XXI. Voorstel tot het verbinden van een z.g. »voork!asse"
aan de buitengewone school voor Lager Onderwijs en tot
beschikbaarstelling van gelden voor de verbouwing van deze
school.
(Zie Ing. St. No. 203.)
Wordt zonder beraadslaging of hoofdelijke stemming over
eenkomstig het voorstel van Burgemeester en Wethouders
besloten.
XXII. Praeadvies op de verzoeken van de afd. Leiden van
den Bond van Nederlandsche Onderwijzers en van eenige
bewaarschoolonderwijzeressen, resp. in zake het treffen van
maatregelen ten opzichte van het bewaarschoolonderwijs en
in zake verhooging van salaris.
(Zie Ing. St.
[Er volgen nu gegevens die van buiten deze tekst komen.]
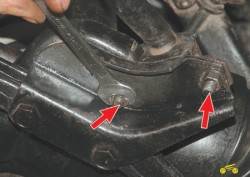 4. Отверните две гайки скобы подушки стабилизатора и снимите скобу.

No. 216).
De beraadslaging wordt geopend.
De heer Groeneveld stelt voor dit punt aan te houden.
Het praeadvies van Burgemeester en Wethouders heeft twee
en een half jaar op zich laten wachten, terwijl nu de Raads
leden maar enkele dagen hebben gehad voor het bestudeeren
van deze zaak.
De heer Sijtsma meent, dat er geen reden is voor uitstel.
Het voorstel is niet zoo ingewikkeld. Het is wel eigenaardig,
dat Burgemeester en Wethouders er meer dan twee jaar
werk over hebben gehad, maar het ligt er nu eenmaal en
iaat men nu de zaak aanpakken, te meer waar deze berg
slechts een muisje heeft gebaard. De heer Groeneveld weet
ook wel wat de verzoekers wenschen en dus meent spreker,
dat de zaak heden wel afgedaan kan worden.
De heer van der Lip verzet zich in den regel niet tegen
voorstellen tot aanhouding van een of ander onderwerp,
wanneer Raadsleden verklaren niet voldoenden tijd te hebben
gehad om het te bestudeeren, maar in dit geval moet hij toch
tegen het voorstel van den heer Groeneveld bezwaar maken.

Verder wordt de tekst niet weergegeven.